Start of Dataset content

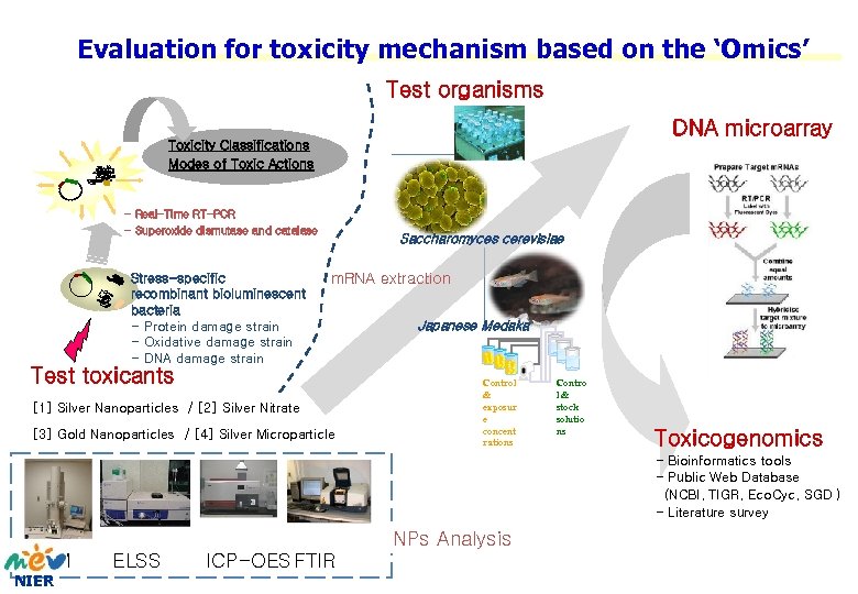 Evaluation for toxicity mechanism based on the ‘Omics’ Test organisms DNA microarray Toxicity Classifications Modes of Toxic Actions - Real-Time RT-PCR - Superoxide dismutase and catalase Stress-specific recombinant bioluminescent bacteria - Protein damage strain - Oxidative damage strain - DNA damage strain Saccharomyces cerevisiae m. RNA extraction Test toxicants [1] Silver Nanoparticles / [2] Silver Nitrate [3] Gold Nanoparticles / [4] Silver Microparticle Japanese Medaka Control & exposur e concent rations Contro l& stock solutio ns Toxicogenomics - Bioinformatics tools - Public Web Database (NCBI, TIGR, Eco. Cyc, SGD ) - Literature survey NPs Analysis TEM NIER ELSS ICP-OES FTIR
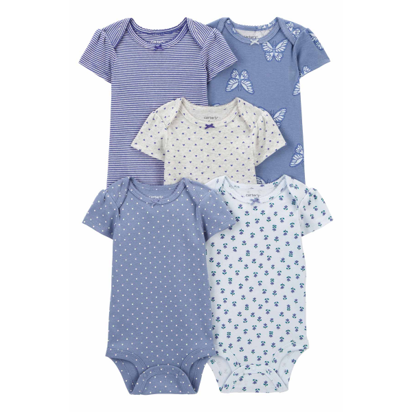 Set de 5 bodies estampados para bebés de 12 meses.
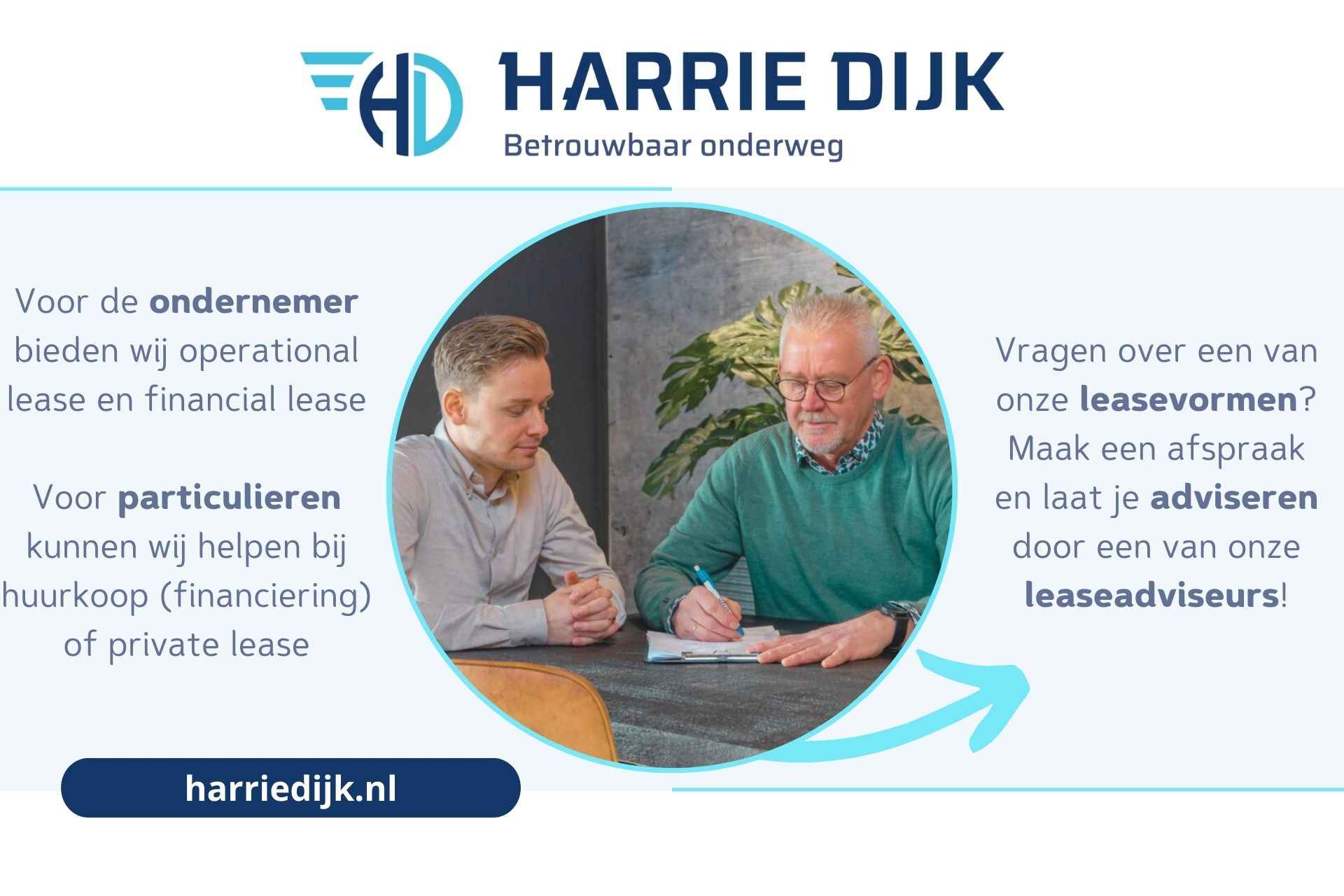 Bent u enthousiast geworden over deze auto? Wij nodigen u van harte uit om bij ons in Hellendoorn om een proefrit te maken. De auto’s van Autobedrijf Harrie Dijk worden tegen de scherpst mogelijk prijs aangeboden. Wij zijn volledig transparant over hetgeen waarvoor u betaald. Ons zekerheidspakket zorgt ervoor dat de auto naar wens wordt afgeleverd. Bij ons heeft u de keuze of u de auto wil laten afleveren met een beurt volgens fabrieksschema en of u gebruik wil maken van 1 jaar BOVAG-garantie. Bij garantie heeft u recht op onze “Dichtbij Garantie Service”. Woont u niet in de gemeente Hellendoorn of omstreken, dan kunt u de auto bij u in de buurt laten repareren. De kosten zijn dan uiteraard voor ons rekening. Wij kunnen u ook helpen bij het volgende: - Inruilauto (online) laten taxeren - Financieringsaanvraag - Private lease aanvraag - Financial lease aanvraag (zakelijk) - Operational lease aanvraag (zakelijk) Wil je wat meer weten over ons bedrijf? Autobedrijf Harrie Dijk is sinds 1992 een full-service autobedrijf met inmiddels een voorraad van ruim 100 auto’s. Het gaat hier vaak om zeer jong gebruikte occasions. Deze auto’s hebben een volledig bekend historie, komen meestal van de eerste eigenaar en zijn dealeronderhouden. Wij zijn een enthousiast familiebedrijf met de service van een dorpsgarage met als doel een jaarlijkse verkoop van 1.000 auto’s. Benieuwd naar hoe onze klanten een aankoop bij ons ervaren? Bekijk dan eens onze onafhankelijke reviews op de website. Hier zijn wij vanzelfsprekend enorm trots op. Liever eerst contact via Whatsapp? Neem dan contact op via: +31 657929380 of gebruik de volgende link: https://wa.me/31657929380 Disclaimer: deze advertentie m.b.t. opties en specificaties van deze auto hebben wij met zorg samengesteld. Voor eventuele fouten willen wij ons excuseren. Hier kunnen echter geen rechten aan worden ontleend.

End of Dataset content

_What to produce:_
The answer should hold every line of the listing, copied exactly, with no pictures.

_Answer:_
 Evaluation for toxicity mechanism based on the ‘Omics’ Test organisms DNA microarray Toxicity Classifications Modes of Toxic Actions - Real-Time RT-PCR - Superoxide dismutase and catalase Stress-specific recombinant bioluminescent bacteria - Protein damage strain - Oxidative damage strain - DNA damage strain Saccharomyces cerevisiae m. RNA extraction Test toxicants [1] Silver Nanoparticles / [2] Silver Nitrate [3] Gold Nanoparticles / [4] Silver Microparticle Japanese Medaka Control & exposur e concent rations Contro l& stock solutio ns Toxicogenomics - Bioinformatics tools - Public Web Database (NCBI, TIGR, Eco. Cyc, SGD ) - Literature survey NPs Analysis TEM NIER ELSS ICP-OES FTIR
 Set de 5 bodies estampados para bebés de 12 meses.
 Bent u enthousiast geworden over deze auto? Wij nodigen u van harte uit om bij ons in Hellendoorn om een proefrit te maken. De auto’s van Autobedrijf Harrie Dijk worden tegen de scherpst mogelijk prijs aangeboden. Wij zijn volledig transparant over hetgeen waarvoor u betaald. Ons zekerheidspakket zorgt ervoor dat de auto naar wens wordt afgeleverd. Bij ons heeft u de keuze of u de auto wil laten afleveren met een beurt volgens fabrieksschema en of u gebruik wil maken van 1 jaar BOVAG-garantie. Bij garantie heeft u recht op onze “Dichtbij Garantie Service”. Woont u niet in de gemeente Hellendoorn of omstreken, dan kunt u de auto bij u in de buurt laten repareren. De kosten zijn dan uiteraard voor ons rekening. Wij kunnen u ook helpen bij het volgende: - Inruilauto (online) laten taxeren - Financieringsaanvraag - Private lease aanvraag - Financial lease aanvraag (zakelijk) - Operational lease aanvraag (zakelijk) Wil je wat meer weten over ons bedrijf? Autobedrijf Harrie Dijk is sinds 1992 een full-service autobedrijf met inmiddels een voorraad van ruim 100 auto’s. Het gaat hier vaak om zeer jong gebruikte occasions. Deze auto’s hebben een volledig bekend historie, komen meestal van de eerste eigenaar en zijn dealeronderhouden. Wij zijn een enthousiast familiebedrijf met de service van een dorpsgarage met als doel een jaarlijkse verkoop van 1.000 auto’s. Benieuwd naar hoe onze klanten een aankoop bij ons ervaren? Bekijk dan eens onze onafhankelijke reviews op de website. Hier zijn wij vanzelfsprekend enorm trots op. Liever eerst contact via Whatsapp? Neem dan contact op via: +31 657929380 of gebruik de volgende link: https://wa.me/31657929380 Disclaimer: deze advertentie m.b.t. opties en specificaties van deze auto hebben wij met zorg samengesteld. Voor eventuele fouten willen wij ons excuseren. Hier kunnen echter geen rechten aan worden ontleend.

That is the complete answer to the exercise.